In the two patients (CAH30, CAH31) where a missense variant was not reported by tPCR/Sanger sequencing, the most likely explanation is that the previously unreported variants are located outside the eight common hotspot regions included in the original method. Prior to this study, patients CAH28 and CAH29 were also only tested by hot-spot Sanger sequencing. In one of them (CAH29), a gene deletion in trans with a pathogenic variant (SNV) was found using AS-LRS, where Sanger sequencing only detected the SNV as “homozygous”. Similarly, a homozygous missense variant was reported by Sanger sequencing, and by AS-LRS, we detected a gene deletion and a chimera (CAH28). It is possible that these variants would have been identified if Sanger sequencing and MLPA had been used instead of hot-spot testing. Still, these examples illustrate that AS-LRS can clarify the nature of the underlying variant more accurately, which is important when offering carrier testing to family members of variants in this complex genomic region, also securing accurate prenatal testing.

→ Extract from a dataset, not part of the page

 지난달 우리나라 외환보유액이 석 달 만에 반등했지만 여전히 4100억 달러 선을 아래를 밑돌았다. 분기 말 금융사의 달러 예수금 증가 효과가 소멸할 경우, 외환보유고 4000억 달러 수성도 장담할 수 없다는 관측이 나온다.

In three samples (CAH32, CAH33, CAH34), AS-LRS identified gene/pseudogene chimeras, which by MLPA are identified as an 8 bp deletion and hence CYP21A1P. The pathogenic allele was detected by the gold standard method, but its genomic nature was not necessarily accurate.

A different approach based on targeted capture using the PacBio-sequencing technology to carry out targeted-LRS has been described [19]. This approach overcomes the technical issues of PCR-based methods. On the downside, to get a reasonable cost balance, one needs to process a number of patient samples in parallel. This technology is therefore not practical for many clinical laboratories as either the turnaround time or the running costs would be too high [1]. In addition, each laboratory should consider costs for achieving the different LRS instruments and for implementing the bioinformatic pipelines needed to handle the data.

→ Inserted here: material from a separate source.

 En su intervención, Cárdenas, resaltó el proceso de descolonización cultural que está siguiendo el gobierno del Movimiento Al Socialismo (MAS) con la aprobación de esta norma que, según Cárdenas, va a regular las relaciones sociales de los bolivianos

The recent, and likely continuous, decreasing costs for LRS in combination with full flexibility in scaling, in our setting, resulted in AS-LRS being compatible with previous methods. If only running one sample at a time, the hands-on times are comparable between PCR/MLPA-based methods and AS-LRS. One important advantage of our presented method is that sample preparation can be done in parallel for samples with different sequencing targets, reducing hands-on time to 30 min. Compared to MLPA, AS-LRS did not require any special method for DNA extraction or tissue type, although the latter was not explored in this study.

Conclusion

In conclusion, compared to conventional methods, AS-LRS proved faster and more scalable, while providing greater accuracy in variant detection and haplotyping. Additionally, it provided information about phasing, reducing the need for parental testing. These features make AS-LRS a promising tool not only for CAH diagnosis, but also for genetic testing of other genomic regions with complex genomic architecture. This study may therefore pave the way for changing current golden standard method recommendations.